Superconductivity in the Tl-based cuprates encompasses a notably broad range of measured optimal transition temperatures T_C0, ranging from lowest in the charge-depleted Tl-1201 compounds (Tl_1–x(Ba/Sr)_1+yLa_1–yCuO_5–δ), such as Tl_0.7LaSrCuO₅ (37 K) and TlBa_1.2La_0.8CuO₅ (45.4 K), to highest in the Tl-1223 compound TlBa₂Ca₂Cu₃O_9±δ (133.5 K). Seven Tl-based cuprates are considered and compared using the model of superconductive pairing via electronic interactions between two physically separated charge reservoirs, where T_C0∝(ση/A)^1/2ζ⁻¹ is determined by the superconducting interaction charge fraction σ, the number η of CuO₂ layers, and the basal-plane area A, each per formula unit, and the transverse distance ζ between interacting layers.
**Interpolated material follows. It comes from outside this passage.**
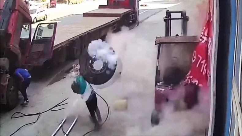 Video nadzor sa jedne garaža u kineskom gradu Danjigkou zabeležila je nesvakidašnji momenat u kojem majka baca iz ruku svoju bebu nakon što ju je u glavu pogodila kamionska guma.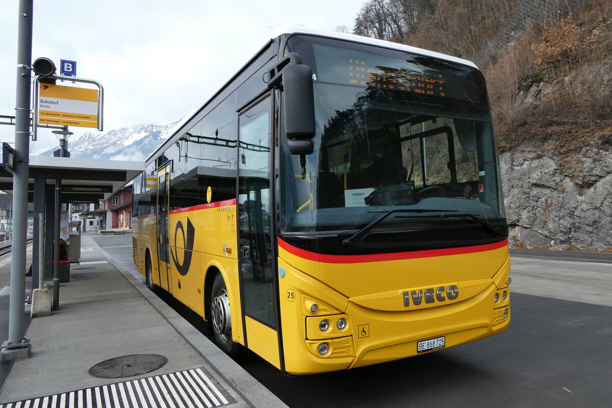(284'354) - Flück, Brienz - Nr. 25/BE 868'725/PID 11'594 - Iveco am 26. Januar 2026 beim Bahnhof Brienz

Herein it is demonstrated that σ follows from the elemental electronegativity and the oxidation state of Tl, and other structurally analogous cations. The comparatively lower elemental electronegativity of Tl, in conjunction with its oxidation state, explains the higher σ and T_C0 values in the Tl-based compounds relative to their Bi-based cuprate homologs. A derivation of σ is introduced for the optimal Tl₂Ba₂Ca_η–1Cu_ηO_2η+4 (for η=1, 2, 3) compounds, which exhibit a Tl oxidation state at or near +3, obtaining the fundamental value σ₀=0.228 previously established for YBa₂Cu₃O_6.92. Also reported is the marked enhancement in σ associated with Tl⁺¹ and analogous inner-layer cations relative to higher-valence cations. For a model proposition of σ=σ₀, the fractional Tl⁺¹ content of the mixed-valence compound, TlBa₂Ca₂Cu₃O_9±δ, is predicted to be 1/3 at optimization, in agreement with existing data. Charge depletion is illustrated for the two Tl-1201 compounds, where σ<σ₀ values are determined according to substitution of Ba⁺² or Sr⁺² by La⁺³, and/or Tl depletion. Additionally, statistical analysis of calculated and experimental transition temperatures of 48 optimal superconductors shows an absence of bias in determining σ, A, and ζ.